As a socially-anxious loner who has difficulty fitting into Christian communities, I had problems with Paauw’s emphasis on community.  Like the people Paauw criticizes, I tend to emphasize my interior, personal spiritual journey.  I would also say that there is such a theme in the Bible—-of people’s walk with God as individuals, or their personal relationship with God.  At the same time, I have to agree with Paauw that there is also a communal focus in the Bible.  Whether that entirely overlaps with what Christian communitarians have to say is debatable, in my opinion.  (Where does the Bible say that we have to be in “deep community,” as many Christians say?  And is the idea that the church is a community foreshadowing the coming Kingdom of God actually in Scripture, or is it a theological interpretation that is being projected onto the Bible?)  Still, there is a lot in the Bible about loving others in the body of Christ.  I just wish that more Christian books acknowledged that there are personalities that are introverted, and that rigorously wrestled with how they can bring their strengths into the body of Christ: how they can be part of a community, while also being themselves.

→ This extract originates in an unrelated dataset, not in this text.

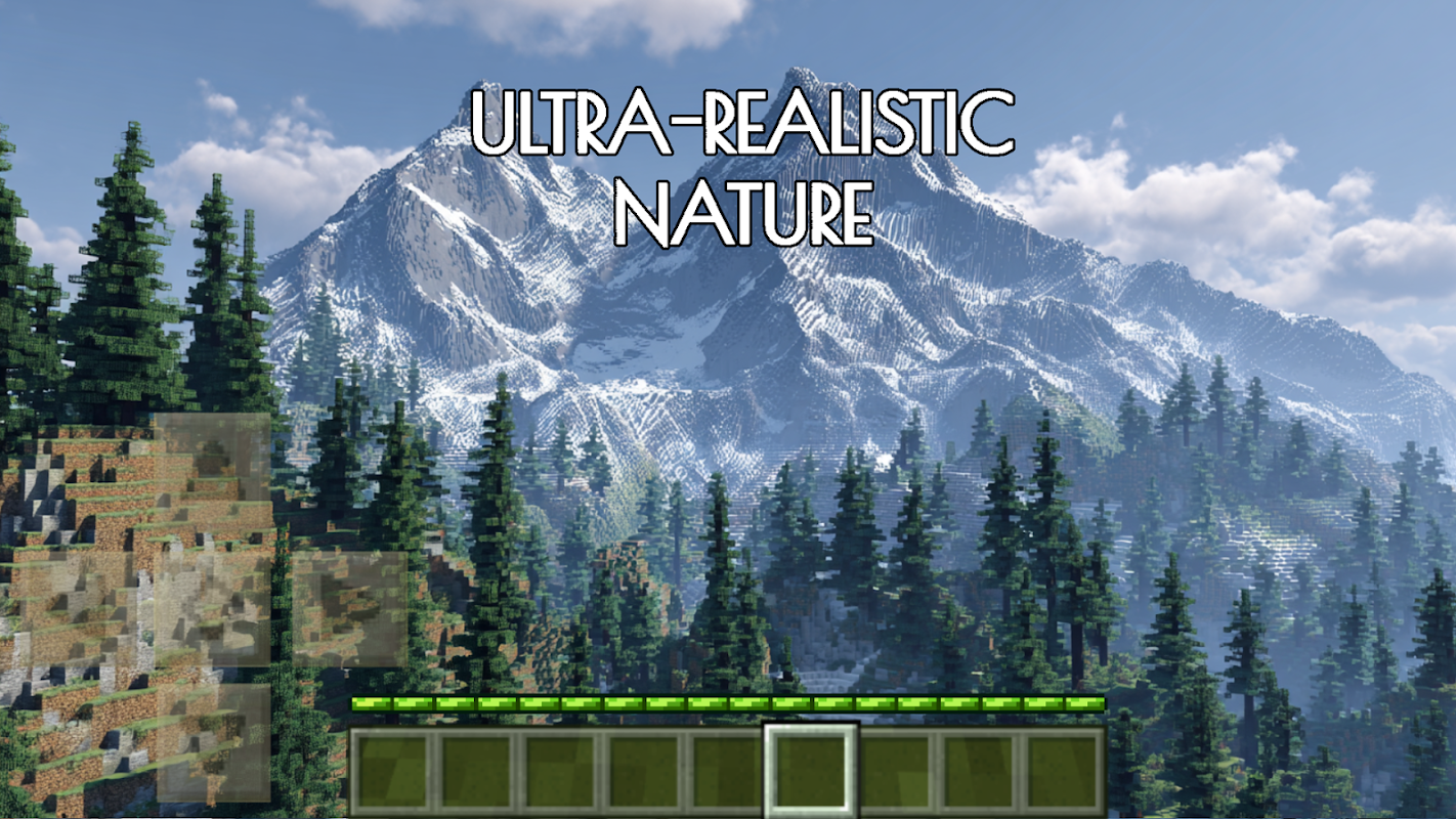 Ultrarealistyczny świat MCPE charakteryzuje się realistyczną grafiką RTX i nowoczesnymi ulepszeniami wizualnymi w shaderach i teksturach dla MCPE (BE), które są osiągane dzięki realistycznej symulacji oświetlenia, efektom cieni i chmur, odbiciom słońca oraz ultrarealistycznej animacji wody z falami i odbiciami w świecie Minecraft, przenosząc wrażenia z gry na zupełnie nowy poziom.
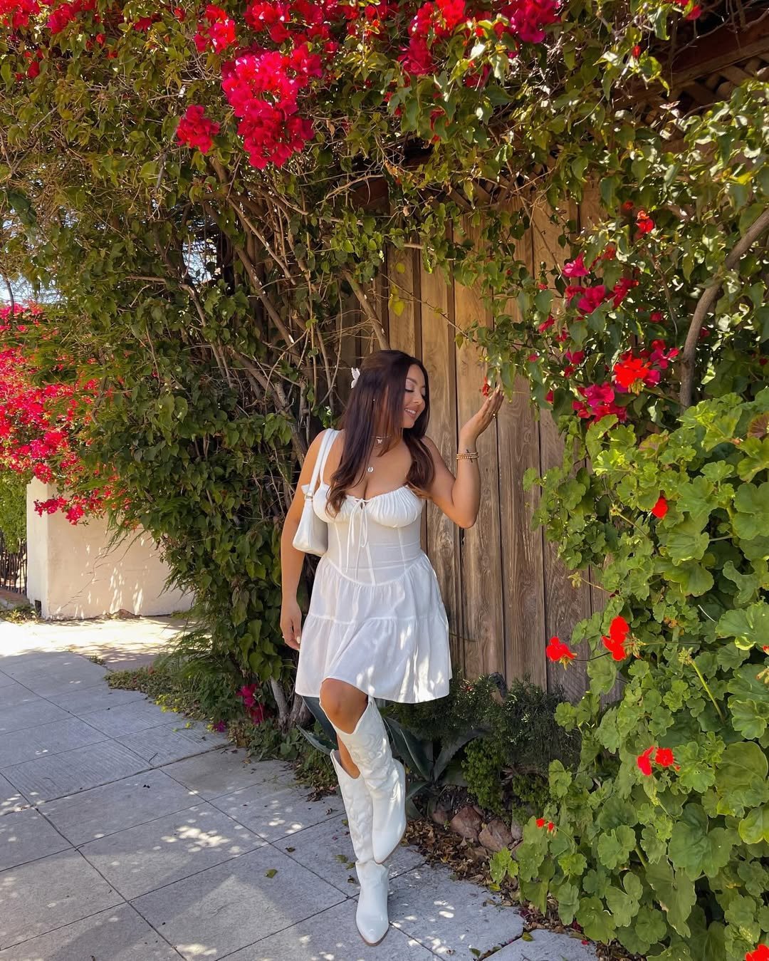 White, flouncy, and paired with tall boots, this look leans into cottagecore with a modern twist. @keepupkarina_ styles her babydoll dress with structured cowboy boots and a shoulder bag, balancing romance with edge.

I take some issue with Paauw’s discussion of the immortality of the soul.  I agree with his overall point the the Bible talks about God’s renewal of the physical cosmos and the resurrection of the dead.  Still, the immortality of the soul is a theme that occurs in Second Temple Jewish works; in my opinion, it is not a Christian emphasis that developed long after Jesus failed to return as a way to encourage people to fear a coming judgment or anticipate heavenly rewards immediately after their death.  (Paauw does not say this is how a belief in the immortal soul originated, but he argues that this is how it came to be stressed in Christianity, as he draws from Alan Segal.)  Paauw does well to stress the Bible’s earthly emphasis, and yet writings forming the historical background for the New Testament, and also statements in the New Testament itself, arguably have a more heavenly focus.

I received a complimentary review copy of this book from the publisher, in exchange for an honest review.